Николас оказался прирожденным педагогом, строгим к ее небрежностям и ошибкам, но обладающим удивительной способностью оживлять любую тему. Миранда легко привыкла к их отношениям учителя и ученицы и была очень признательна мужу, потому что только сейчас поняла, до чего же была невежественна.
* * *
Через неделю несколько избранных членов нью-йоркского общества получили приглашения на прием и ужин в четверг, двадцать восьмого мая, ровно в семь часов вечера.
Для того чтобы дебют Миранды не стал грандиозным событием, Николас очень тщательно составлял список немногочисленных гостей. Шермерхорны, Бревуорты и Гамильтон-Фишеры должны были представить аристократию "Никербокеров". Еще старый Филипп Хоун и его жена, поскольку мистер Хоун, бывший некогда мэром Нью-Йорка, имел репутацию прекрасного рассказчика и к тому же успел везде побывать. После некоторых колебаний были приглашены Асторы: престарелый Джон Джейкоб, Джон Джейкоб-младший и его невеста мисс Гиббс. То, что Асторы были богатейшими людьми, не впечатляло Николаса, и конечно, не могло окупить их простонародного немецкого происхождения, однако Ван Рин сделал скидку на их новый замечательный особняк на Лафайет-Плейсе и холодную серьезность молодого Джона Джейкоба. Но самым главные было то обстоятельство, что невеста Джона Джейкоба — Шарлотта Гиббс, была родом из достойной семьи с Юга.
Любой другой человек на месте Николаса здесь бы и остановился или добавил бы к списку еще несколько имен нью-йоркской элиты вроде Эспинуоллсов или, может быть, Верпланксов, но Ван Рин игнорировал барьеры, разделявшие нью-йоркское общество, и к тому же знал, что любое собрание будет украшено легким прикосновением экзотики.
И поэтому он пригласил мадам Терезу Альбанес, певицу, выступавшую в Каста-Гардой, миссис Элизабет Эллет, язвительную поэтессу из Женского литературного общества, и Германа Мелвилла, молодого моряка, только что издавшего роман под названием "Тайпи", поразивший читающий мир не только оригинальностью живой английской прозы, но и красочным описанием нагих полинезийских девушек.
— Между прочим, — заметил Николас, — наш кругленький граф де Греньи возвращается в Нью-Йорк. Вчера он прибыл на "Кельтике" и прислал мне записку. Я пригласил его на прием. На этот раз его жены не будет.

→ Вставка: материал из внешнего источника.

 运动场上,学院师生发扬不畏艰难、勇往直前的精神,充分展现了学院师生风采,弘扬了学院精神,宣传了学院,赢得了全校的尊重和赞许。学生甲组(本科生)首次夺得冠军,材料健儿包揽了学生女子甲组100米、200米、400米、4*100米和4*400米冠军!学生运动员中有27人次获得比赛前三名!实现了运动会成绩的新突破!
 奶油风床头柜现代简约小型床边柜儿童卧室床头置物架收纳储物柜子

— Да? — довольно равнодушно проговорила Миранда, вспоминая толстенького француза, его неуклюжесть и восторженные похвалы Драгонвику. Кажется, это было так давно! Праздничный бал Четвертого июля! Вальс с Николасом. "Тогда я впервые поняла, что люблю его", — подумала она, и это воспоминание неожиданно причинило ей боль.

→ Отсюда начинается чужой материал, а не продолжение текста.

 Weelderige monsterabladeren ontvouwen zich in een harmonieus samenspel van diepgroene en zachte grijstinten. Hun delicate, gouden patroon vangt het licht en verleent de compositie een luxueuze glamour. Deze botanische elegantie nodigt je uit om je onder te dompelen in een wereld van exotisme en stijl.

— Николас, — резко произнесла она, — когда мы поедем в Драгонвик? — в ожидании ответа ее сердце отчаянно колотилось. И почему ее так пугает этот простой вопрос? Ведь роскошный Драгонвик и был его настоящим домом, а теперь и ее.
— Да ведь его не успеют подготовить к концу июня, — спокойно ответил он. — Там сейчас рабочие все красят, перестраивают. Полагаю, мы уедем через две недели и укроемся от жары в Маунтин-Хаузе в горах Кэтскилл, а потом уж поедем в Драгонвик.

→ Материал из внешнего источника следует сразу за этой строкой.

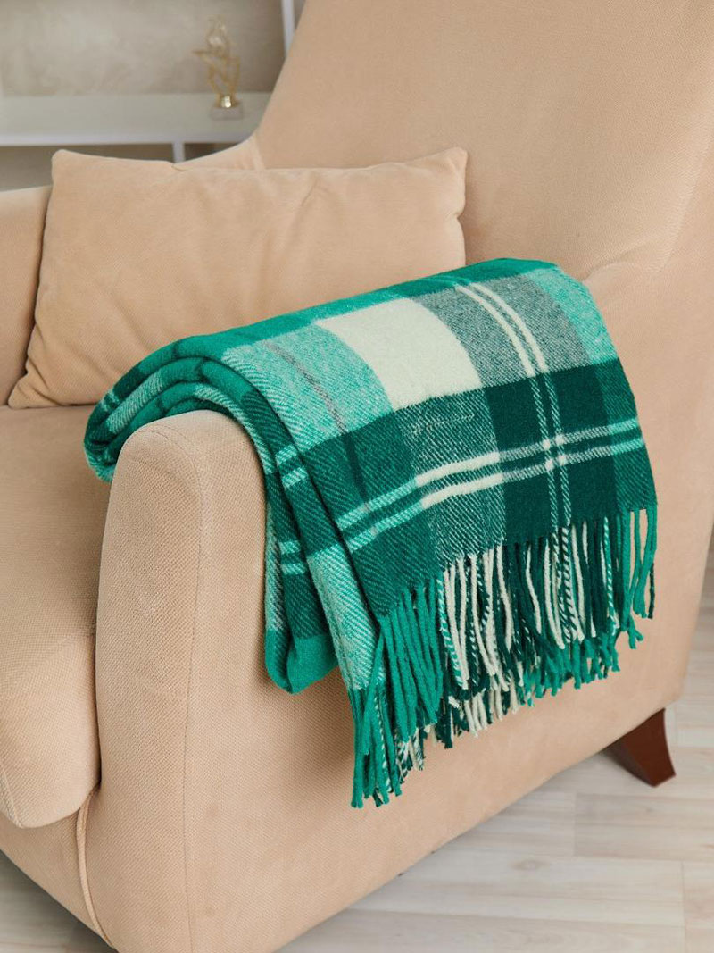 Плед "Vladi" шерстяной "Осло" бело-салатово-зеленый

Миранда с облегчением выдохнула. До чего же она глупа! Вообразила, будто он не только избегает упоминать Драгонвик, но не желает и думать о том, чтобы жить там. Она оказалась абсолютно неправа, как это часто стало с ней случаться в последнее время. Правильно говорила мама, весело подумала она, моя голова полна глупых фантазий.
Миранда пошла наверх к письменному столу и написала длинное восторженное письмо матери, подробно рассказывала о своем счастье и всевозможных добродетелях Николаса как супруга. Когда через три дня Абигайль получила это письмо и прочитала его, она немного приободрилась. Затем передала письмо Эфраиму.
— Похоже, она счастлива как свинья в клевере. Я же говорил, чтобы ты не изводилась из-за нее, — заметил он, возвращая письмо.
Но Абигайль, вновь пробежав глазами по размашистым строчкам, нахмурилась.
— Не знаю, не знаю... Слишком уж много восторгов. Можно подумать, она стремится убедить и себя, и меня.
* * *
В день приема Миранда лежала в затемненной спальне, стараясь расслабиться. Только что ушел парикмахер, и Миранда не решалась даже пошевелиться, боясь испортить прическу. Все было готово, спасибо Николасу и опытным слугам, которые совершенно не нуждались в ее робких советах.
Они относились к ней как к очаровательному, но беспомощному ребенку, и Миранда преодолев обиду, сообразила, что она действительно не имеет никакого опыта.
Как хорошо будет встретиться с людьми, размышляла она с возрастающим возбуждением, заставляя себя закрыть глаза, хотя уснуть было невозможно. Если не считать тех случаев, когда она ходила в церковь Святого Марка за углом, все эти недели она никого не видела, кроме слуг и, конечно, Николаса.
Дело не в том, что мне нужен кто-то, кроме Николаса, торопливо сказала она сама себе. Она вовсе не одинока, но иногда ей очень хотелось иметь подругу. Другую женщину, с которой можно было бы поболтать о всяких глупостях, о нарядах или о вышивках, с которой можно посмеяться, поговорить обо всем, что придет в голову. И не нужно всегда быть в напряжении.
В дверь постучали, и в спальню вошла миссис Макнаб с письмом.
— Только что прибыло, мадам.
От мамы, радостно решила Миранда. Но письмо было не от Абигайль. Почерк был незнаком, а штемпель указывал на город Гудзон, штат Нью-Йорк.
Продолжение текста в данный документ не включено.